"Tootsie Pop" model for unsafe code

I think the idea would be that its miri-based (the MIR interpreter in progress). Miri’s virtual heap does most of the work for us. As to libc, I’m relying on the assumption that functions we use will not malloc internally (as to allocation itself, miri special-cases it), and passing pointers to miri-allocated locations should preserve the properties of the virtual heap, provided the ffi function doesn’t do something ridiculous.

I've been wondering about this.

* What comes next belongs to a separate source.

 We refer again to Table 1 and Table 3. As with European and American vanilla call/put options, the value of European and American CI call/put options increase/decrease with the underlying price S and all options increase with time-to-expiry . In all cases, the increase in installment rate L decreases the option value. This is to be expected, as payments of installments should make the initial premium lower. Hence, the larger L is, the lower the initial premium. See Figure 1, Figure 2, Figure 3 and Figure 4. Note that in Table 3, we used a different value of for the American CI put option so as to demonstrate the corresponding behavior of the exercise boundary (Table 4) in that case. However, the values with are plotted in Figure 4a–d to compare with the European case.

I think the suitability hinges very much on what you call a type-system invariant.

I've been trying to write up some thoughts in response to this thread, and one of the insights I came to is that I was conflating various definitions of "abstraction boundary". For example, one definition is:

  • the scope where you find the justification for why things are safe

This lends itself to "bigger" boundaries. For example, in a function like this one:

fn foo() {
    let mut x: i32 = 22;
    let p: *mut T = &mut x;
    let q = unsafe { *p };
}

Here, the unsafe block itself is not a boundary in this "logical" sense. Rather, the entire function is, since it is only based on the function body that I can prove that p is a valid pointer for me to dereference here.

But the words you used were different. They were:

  • the scope within which the compiler cannot trust types

In that version, the code I wrote above is fine.

This to some extent comes back to the age-old debate about whether you should make "big" or "small" unsafe blocks. The "big" unsafe blocks people often argue for are more the "justification" style, and the smaller blocks correspond to "the points where I need to prove something" -- which somewhat aligns with the "where we can't trust". At minimum, it actually seems to me to act more like a traditional barrier (that is, code can't be moved around it), but one that is scoped to the enclosing "justification boundary".

Put another way, I think that the unsafe keyword was designed to act as the "justification boundary" -- but that's not the boundary that the compielr cares about when optimizing, really. I mean, we can align the two -- which is basically what my proposal was saying -- but it will result in less optimization than what we would otherwise get.

Hope that this makes sense, I'm trying to write this in a more structured way, but these are my off-the-cuff current thoughts.

Ah, this is not quite right. I think what I should say is that the compiler cares about both boundaries, potentially.

To attempt to clarify, I mean invariants such as "& and &mut references are guaranteed to be non-null and point to valid data", "a live &mut reference cannot be aliased", "the data behind a & reference won't change unless it contains an UnsafeCell", and "A reference &'a is valid for all of 'a". I believe these should always hold when outside an unsafe block. (Some have argued that these should always hold, period, but I think this can make writing correct unsafe code too subtle, and leads to questions such as "can I operate on a *mut if the &mut from which it was obtained is still live?").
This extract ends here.